These series engines use cylinder wall technology that is a development of the process pioneered by GM/Reynolds for the Vega. The monoblock is cast from a high silicon aluminum alloy, and the cylinder walls are etched after final honing to remove surface aluminum, whilch creates a very hard silicon wear surface. Pistons skirts require an iron plating and three thin platings of other metals are required between the aluminum skirt and final iron film in order to achieve proper plating adhesion.
For field repair, the cylinder can be bored and honed, then subjected to a "silicon lap" to remove surface aluminum, which yields the same result as the original chemical etching process.

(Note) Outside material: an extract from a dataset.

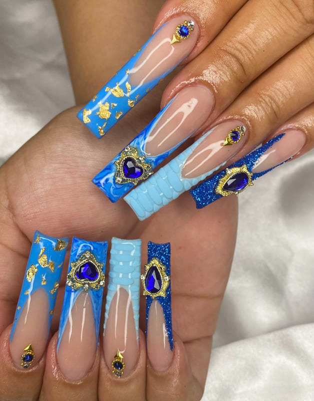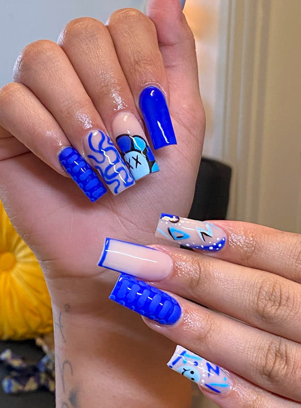 So, what kind of details are there in blue nail designs?

Other alternatives are iron or high silicon aluminum alloy liners that can be installed after the cylinder is overbored to accept the liner. If the final bore surface is the properly processed aluminum silicon alloy, a properly plated piston should be used. Iron liners only require a conventional aluminum piston without the skirt plating.
When I recently refreshed the cylinder head on my Cosworth Vega (very worn valve guides) I noticed some minor scoring on one cylinder's major thrust surface. The engine made excellent power before the work and I attributed the high oil consumption (about a quart every 300 miles) to the worn guides and poor OE seals. I decided to complete the head refresh (new guides and a new design seals) and install it without rebuilding the block. Oil consumption dropped to nearly unmeasurable, and all the power is still there.
These aluminum-silicon bore engines have some tolerance for scoring, but without seeing it, it's tough to make a judgement.
Last edited by Duke2.6; 12-09-2003 at 10:50 AM.